■ Task goal:
When the line with "The sneaker is" turns up below, begin repeating exactly, and carry on through the line with "Темпы роста добычи"; no pictures go into the copy.

___ Recorded information

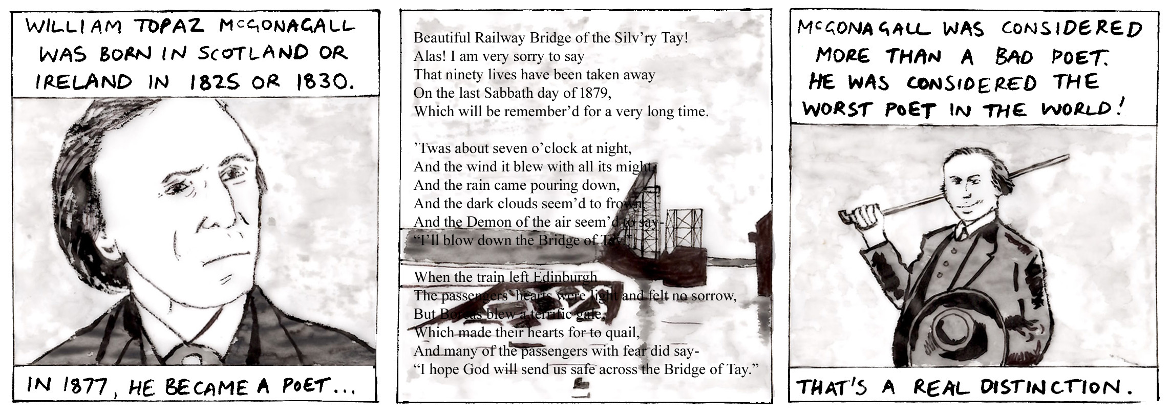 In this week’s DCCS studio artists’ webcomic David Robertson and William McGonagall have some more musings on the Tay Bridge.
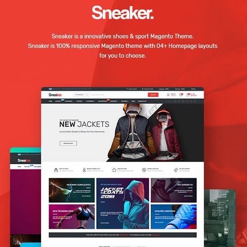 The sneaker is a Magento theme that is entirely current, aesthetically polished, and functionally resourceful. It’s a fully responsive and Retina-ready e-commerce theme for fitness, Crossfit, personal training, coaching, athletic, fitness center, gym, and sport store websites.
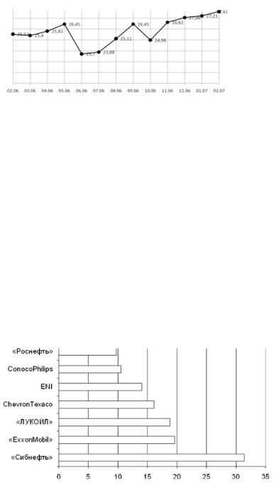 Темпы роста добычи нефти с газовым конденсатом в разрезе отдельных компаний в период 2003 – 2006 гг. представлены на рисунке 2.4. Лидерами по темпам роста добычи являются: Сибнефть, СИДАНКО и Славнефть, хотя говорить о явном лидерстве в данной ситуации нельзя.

______
___ Recorded information

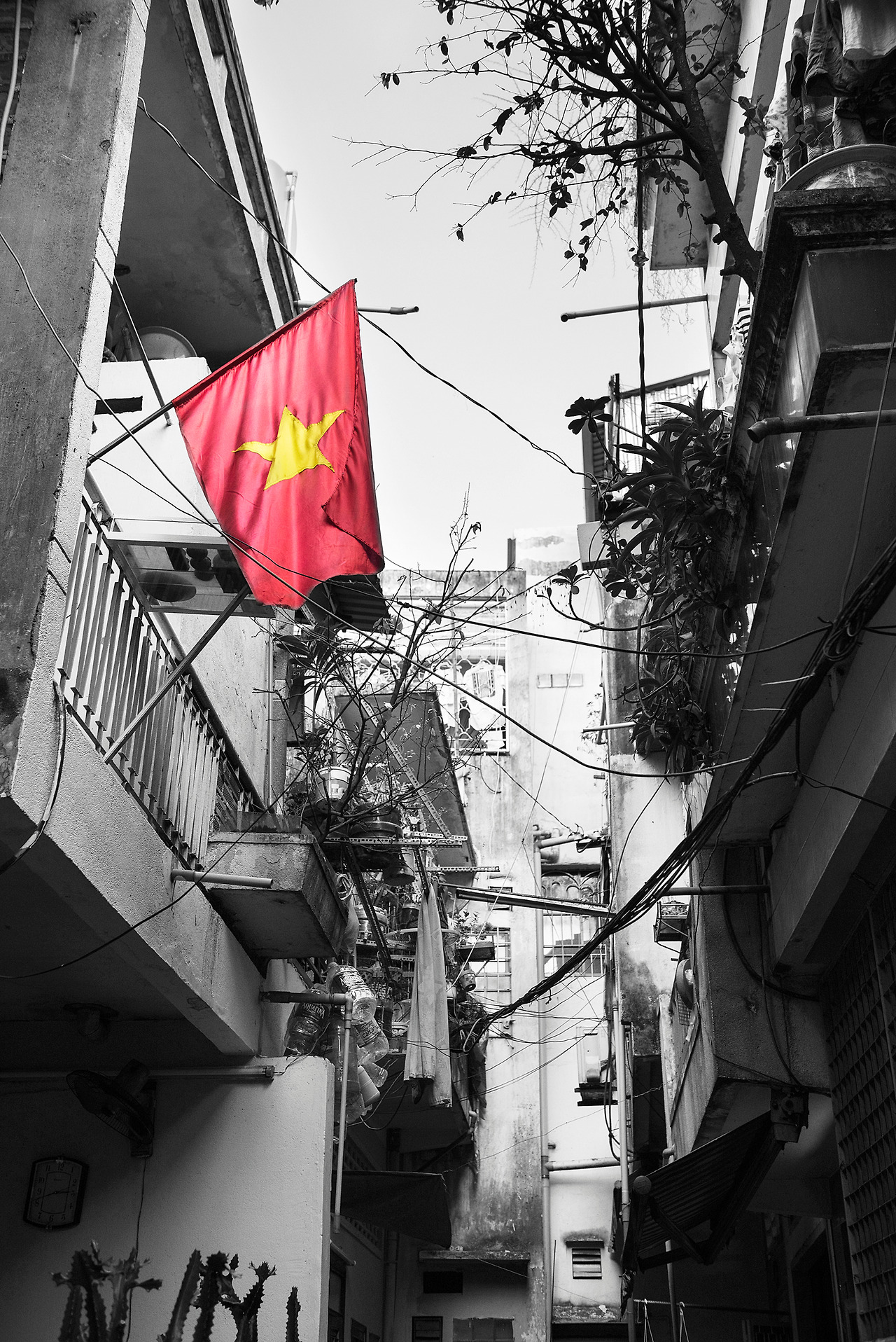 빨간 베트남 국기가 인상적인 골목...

______

■ Completed exercise:
 The sneaker is a Magento theme that is entirely current, aesthetically polished, and functionally resourceful. It’s a fully responsive and Retina-ready e-commerce theme for fitness, Crossfit, personal training, coaching, athletic, fitness center, gym, and sport store websites.
 Темпы роста добычи нефти с газовым конденсатом в разрезе отдельных компаний в период 2003 – 2006 гг. представлены на рисунке 2.4. Лидерами по темпам роста добычи являются: Сибнефть, СИДАНКО и Славнефть, хотя говорить о явном лидерстве в данной ситуации нельзя.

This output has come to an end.